Friday, March 23, 2018

heading back home

There are 4 very large, probably not weight compliant suitcases sitting by our front door. Alarms are set for the ungodly hour of 3AM. Flight leaves at 6. By Sunday morning, we will be landing in Addis Ababa, Ethiopia!


flying, 4 years ago.

It's been 4 years since we last visited our children's homeland. 4 years ago seems like a different world. Lily had just turned 4. (And I mean just. We basically blew out the candles on her cake, then headed to the airport.) Daniel was about 1/2 the (enormous!) size he is now. Many things have happened in our family and in the world in those years. It seems like past time that we went back home.

The weeks leading up to tonight have been anxious ones. We are watching and waiting to see how the latest political upheaval in Ethiopia's government will be resolved.  So far, a restive peace seems to be holding steady.

When I was in my 20's, it seemed to be that I was always throwing a bunch of stuff in a suitcase and jetting off. Maybe I'm mis-remembering, but it seems that now that I'm in my 40's travel preparations cause me much more anxiety than in my care free (and kid free) days. I make lists weeks (months!) in advance, and over prepare and triple check and wake up worrying. This morning I drove frantically to our medical office to get a travel booster shot, the whole while thinking 'What am I DOING? I never used to worry about shots and getting sick while traveling and now I'm practically bringing an entire medicine cabinet in my suitcase!'

Sigh. Worrying, always useless and never easy to stop doing.

However, now the bags are packed and (miraculously) zipped up and the kids are sleeping or pretending to sleep and the fridge is empty, the plants watered, the coffee pot and toaster unplugged and there is simply nothing else to do on my to do list.

So here are my hopes- whispered aloud through the dark to the universe.

Let there be peace in our country as well as the one we travel to.
Let we all be healthy
Let this trip help us re-connect to each other and to our far away African family.
Let there be a moment of laughter that surprises all of us, together.
Let no one get sick from eating or drinking anything.
Let all the flights leave and arrive on time.
Let us get delightfully lost and discover some beautiful place together.
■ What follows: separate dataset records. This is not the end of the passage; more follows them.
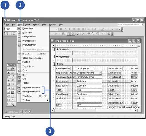 A fast way to format a form or report is with the AutoFormat button, available in Design view. When you click this button on the Form Design toolbar, you can select and preview a variety of layouts and styles. After you make your selections, Access formats the entire report or form consistently for you. After using AutoFormat, you can always make additional changes to the formatting using buttons on the Formatting (Form/Report) toolbar. If you don't see the header and footer sections, you can display them to add controls. When you select a control, sizing handles appear around the control, which you can drag to size it. You can also drag inside a selected control to move it to a new location.
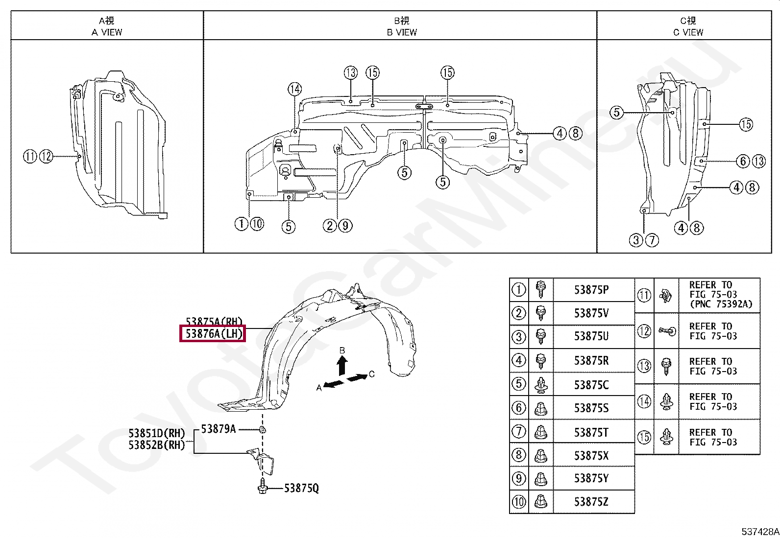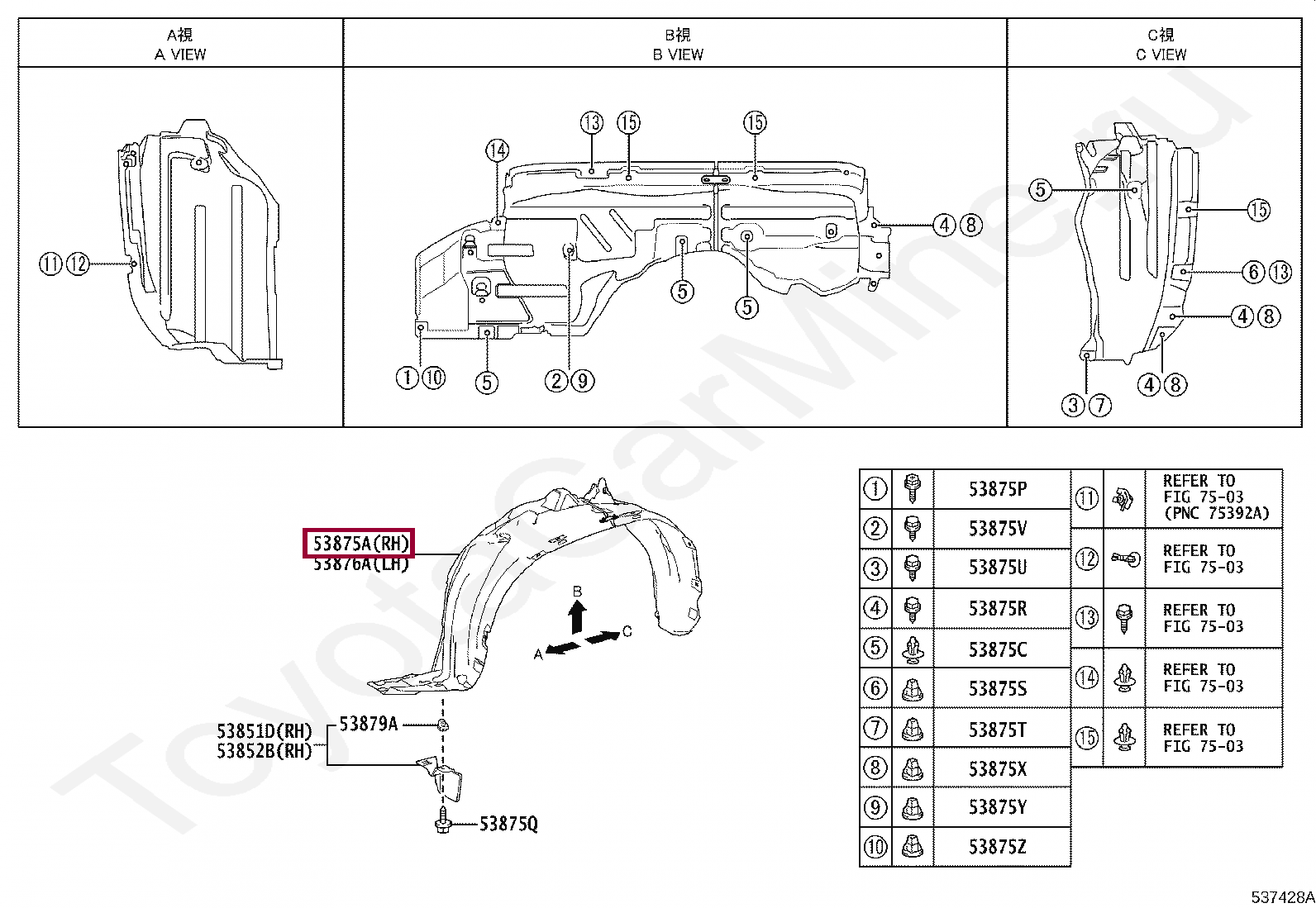 Название по каталогу: LINER, FRONT FENDER, RH
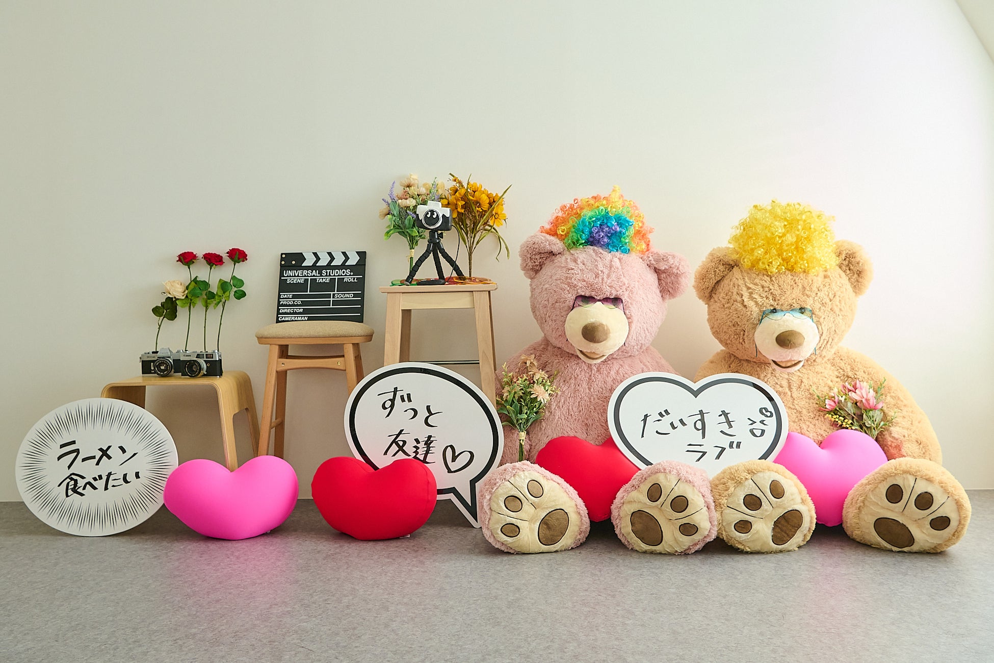大きなクマのぬいぐるみ、花束、サングラス、アフロのウィッグ、カメラ、カチンコ、ハートクッション、吹き出しボードなどセルフフォト撮影が楽しくなっちゃう小物が充実!

Wishing all of you safe travels, wherever you may be going tomorrow.

Sunday, March 4, 2018

lost in translation...

My husband and I just came home from seeing Black Panther. (Wakanda Forever!) This film is amazing, I'm sure I don't have to tell you, you've all seen it. Wow, the magic that can happen when we give voice to non only white, straight, male film-makers! There is, literally,  A WHOLE WORLD of movies waiting to be made. I'm here for ALL of it. Also, I'm down with any kind of Wakanda themed park experience adventure... whatever. Bring it.
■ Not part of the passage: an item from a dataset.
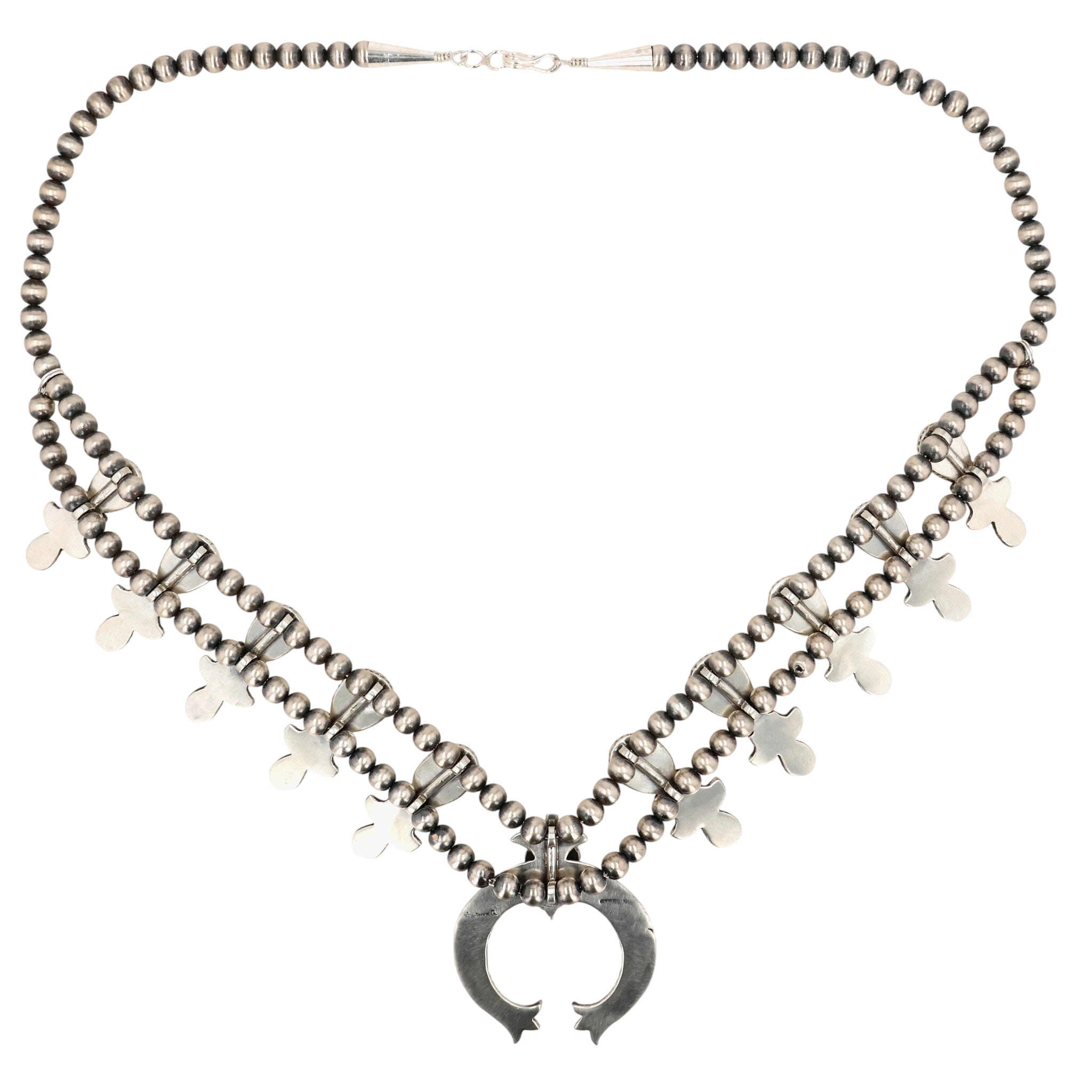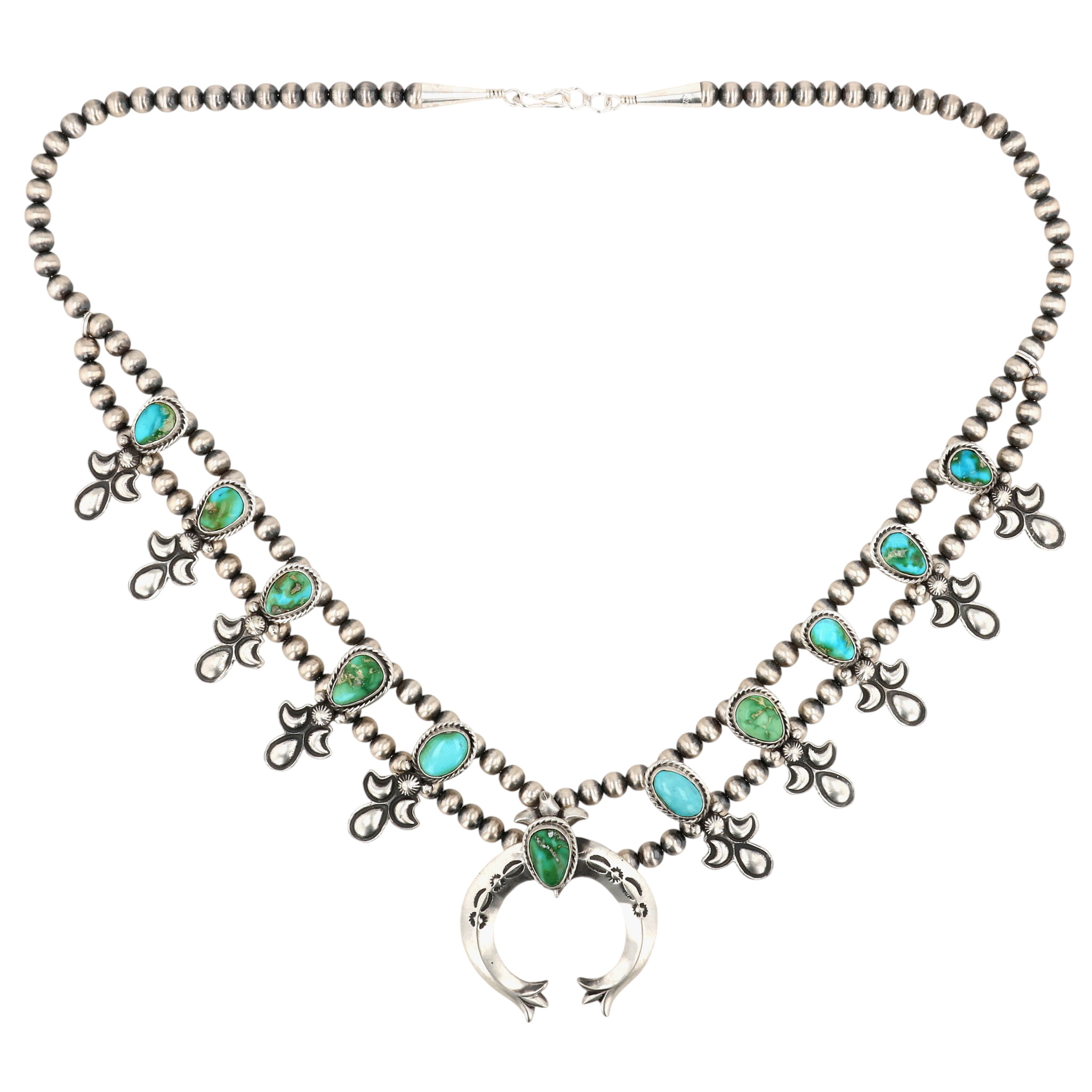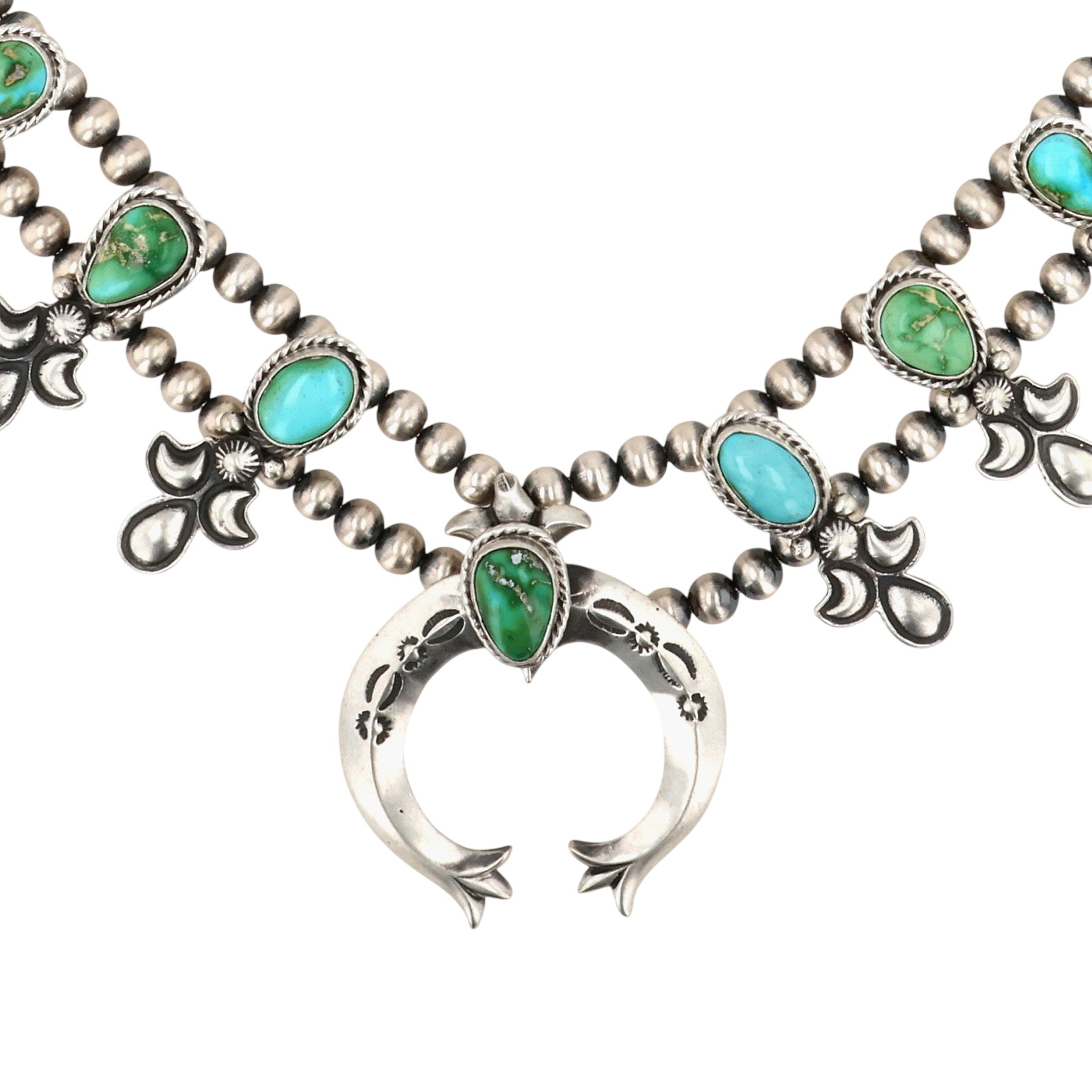 Adrienne Gordon Navajo Sonoran Gold Turquoise Sterling Squash Blossom Necklace

But this isn't really a post about a movie. There are plenty of smart folks writing about this movie. Like this twitter thread about all the African influences on the costumes and body art.

It's just that it got me thinking about something I hadn't pondered in a while- about how much gets lost in translation, especially in international adoption. I'm also reading "The Grammar of God" which is about what is lost (and changed) in the translations of scripture from Hebrew to English. Fascinating!
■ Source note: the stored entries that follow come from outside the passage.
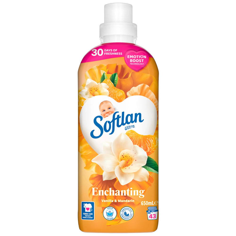 Softlan Perfumed Freshness Vanilla & Mandarin -huuhteluaine tekee pyykistäsi ihastuttavan pehmeää ja miellyttävän tuoksuista. Huuhteluaine jättää pyykkiisi pitkäkestoisen vaniljan ja mandariinin tuoksun. Huuhteluaine tekee pyykistäsi helpommin käsiteltävää verrattuna pesuun pelkällä pyykinpesuaineella. Soveltuu kaikille kankaille.
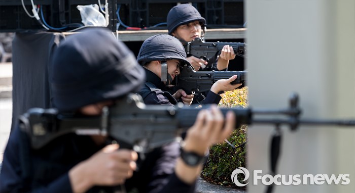 (서울=포커스뉴스) 17일 오후 서울 서초구 JW메리어트호텔 서울에서 민·관·군 관계자들이 2016 재난대응 안전한국훈련을 하고 있다.
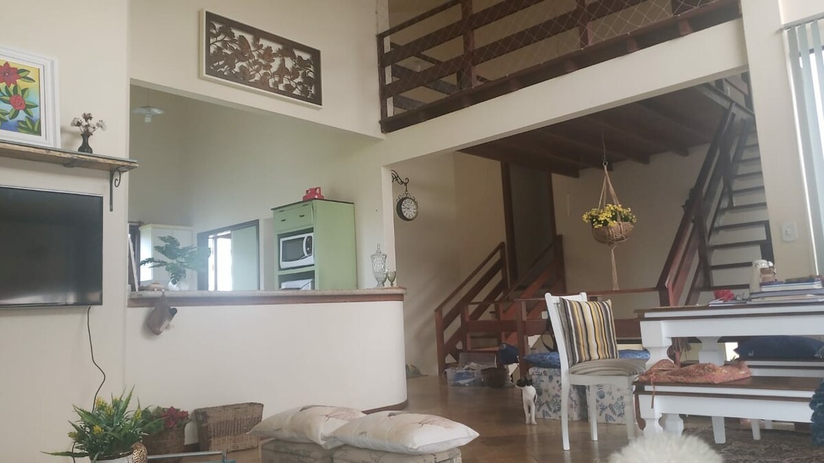 Ett mycket mysigt hus som bekvämt rymmer 4 par plus 12 singlar, i mitten av en liten stad, med ett charmigt torg, en charmig landsbygd, med ett underbart vattenfall, finns det 5 minuter från dessa vattenparker, från Floripa-sidan med sina 42 vackra stränder, också nära den vackra stranden Palmas.
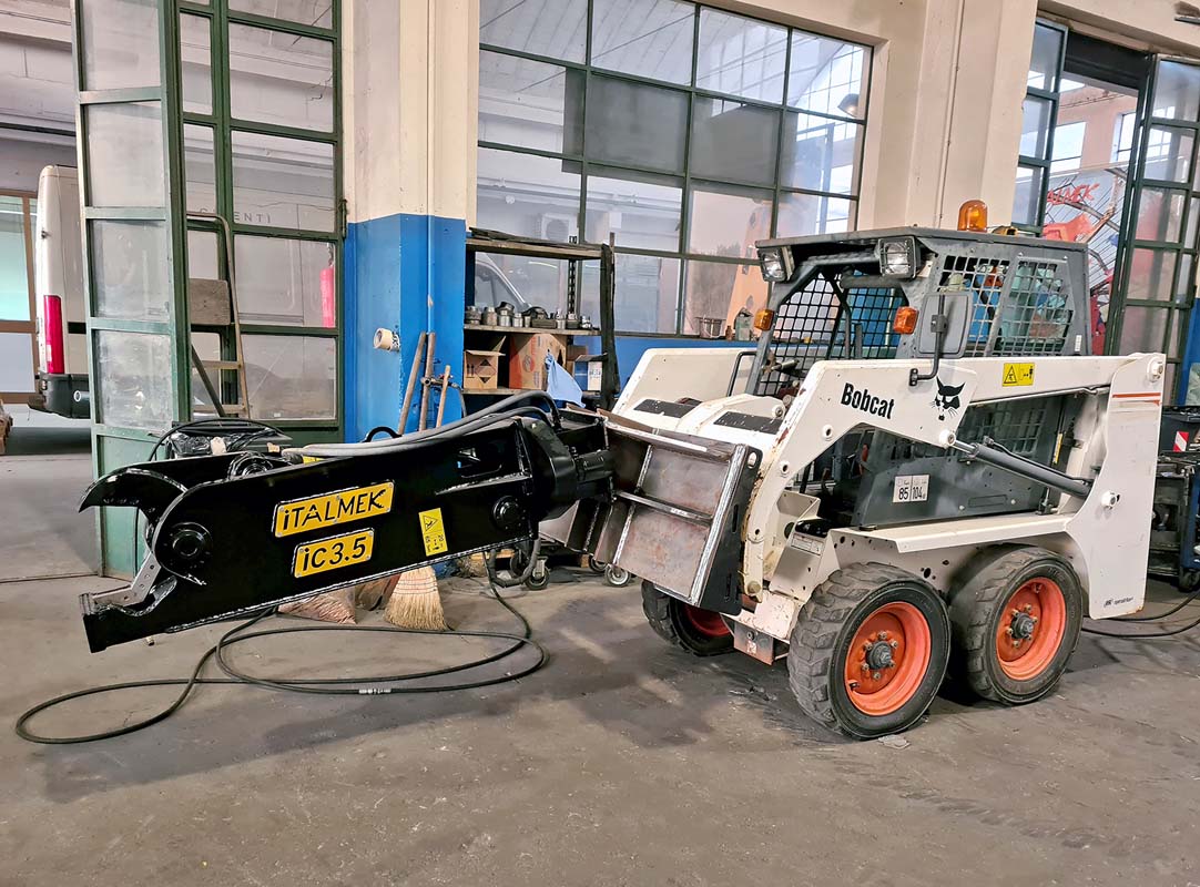 La cisaille IC3.5 peut être monté sur des mini-pelles de 3 à 6 tonnes de poids. Avec une pression de 227 bar coupe un fer ronde plein de 35 mm.

Back to Black Panther for a moment: There is a scene in which Killmonger takes off his shirt to reveal his killing scars... which is an cultural image actually borrowed from the ritual scarification of the Surma tribe of Ethiopia as well as other African tribes.

My Ethiopian children have scars on their bodies... not quite like the raised bumps of Killmonger, but clearly ritual scars, not the kind that occur with typical childhood injuries. Each time I've asked an Ethiopian about them, I've gotten a slightly different, vague answer. Most answers start with, it was done to help their eyes (or stomach)... and then the answers trail away as they realize that in English, they are making not any sense.

It's like it's untranslatable.

Here in America the thought that you would choose to injure or scar your child's skin for a health or cultural or religious reason is... well, it's unthinkable. * But, in other parts of the world, people see through different eyes. And in rural African communities in which there are no doctors or clinics or medicines, rituals and traditional healing are often a worried parent's only options.

My children's scars do not hurt or embarrass them. They are mildly curious about them, when they think about it. Which isn't very often. But I would like them to have some words about them, even inadequate ones, to use when they are grown and questions arise.

We have our own African adventure coming up in just a couple of weeks. We'll be returning to Ethiopia around Easter to see our family and travel a bit. Perhaps we'll find some more answers about the ritual scars on D and L, and why and how and when they were done. Perhaps not. Perhaps, like certain Hebrew phrases, there is no translation into American. We'll see...

Ethiopia
ኢትዮጵያ

*Even male circumcision is now under a lot of scrutiny and pressure.